At the stroke of the midnight hour, when the world sleeps, India will awake to life and freedom”.5 Bangabandhu Sheikh Mujibur Rahman’s statement at the United Nations General Assembly on 25 September 1974 was equally fortitude and telling, “The Bangalee people have fought over the centuries so that they may secure for themselves the right to live in freedom and with dignity as a free citizen of a free country. They have aspired to live in peace and friendship with all the nations of the world”.6
Although the era differed, a bipolar world emerged following World War II, making things difficult. However, while remaining true to the words of Nehru and Mujib, India and Bangladesh, respectively, albeit with some ups and downs, dared to set clear goals and pursue them when it came to the people's hopes and dreams.

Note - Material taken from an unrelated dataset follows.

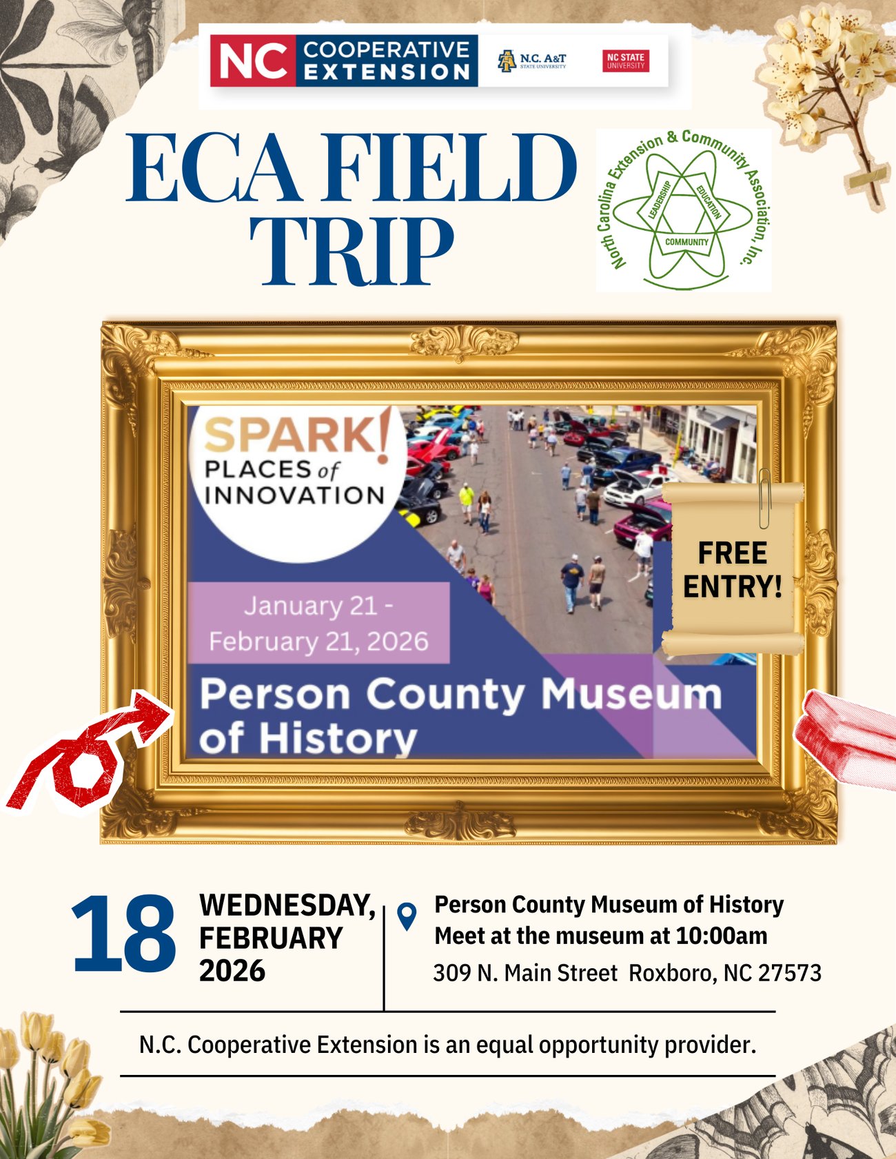 In collaboration with NC Humanities, the Person County Museum of History is thrilled to announce it will host the traveling exhibit Spark! Places of Innovation. In addition to the Smithsonian designed exhibit, PCMH will develop a companion exhibit “Igniting the Spark: Innovation and Invention in Person County. The Person County Extension Community Association (ECA) members will be going on a field trip to tour the exhibit on Wednesday, February 18 at 10:00 a.m. RSVP to Jennifer at the Extension Office at 336-599-1195. |
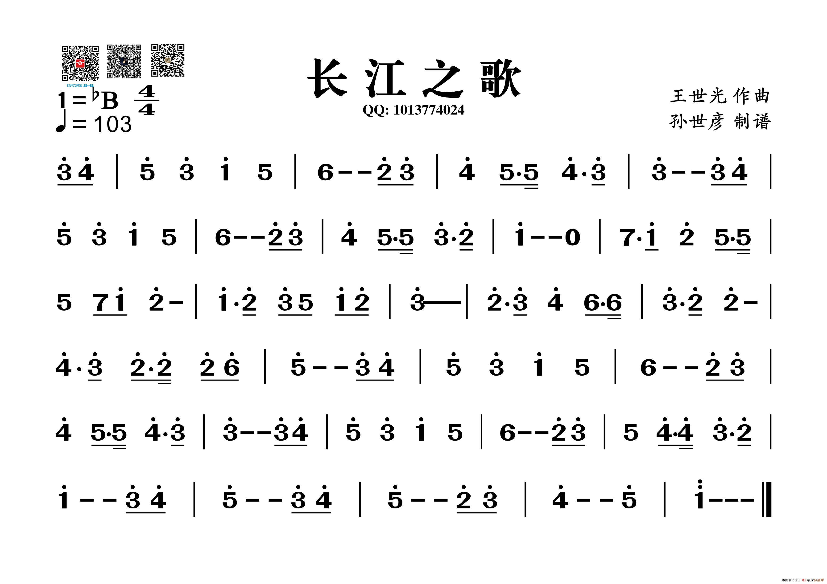 提示:在曲谱图片上单击右键,选择“图片另存为...”即可将曲谱保存到您的电脑中,打印时候可将图片插入到WORD中,调整合适大小打印即可。

In pursuing their respective goals, India and Bangladesh have come a long way, although India had a longer time than Bangladesh to meet and overcome the challenges. With the countries having to experience the dialectic of an inside with an outside and an outside with an inside, it is natural that a paradigm shift awaits us all in the age of multipolarity, particularly when understanding and facing the dialectic of inside-outside of inter-state relations.
However, in the backdrop of the changes taking place globally, with more and more people working round the clock to change their state of life and living and seeking emancipation for themselves and others, one can be sure that Bangladesh and India, with a correct understanding of each other in the age of multipolarity, can make a difference to their people and the world.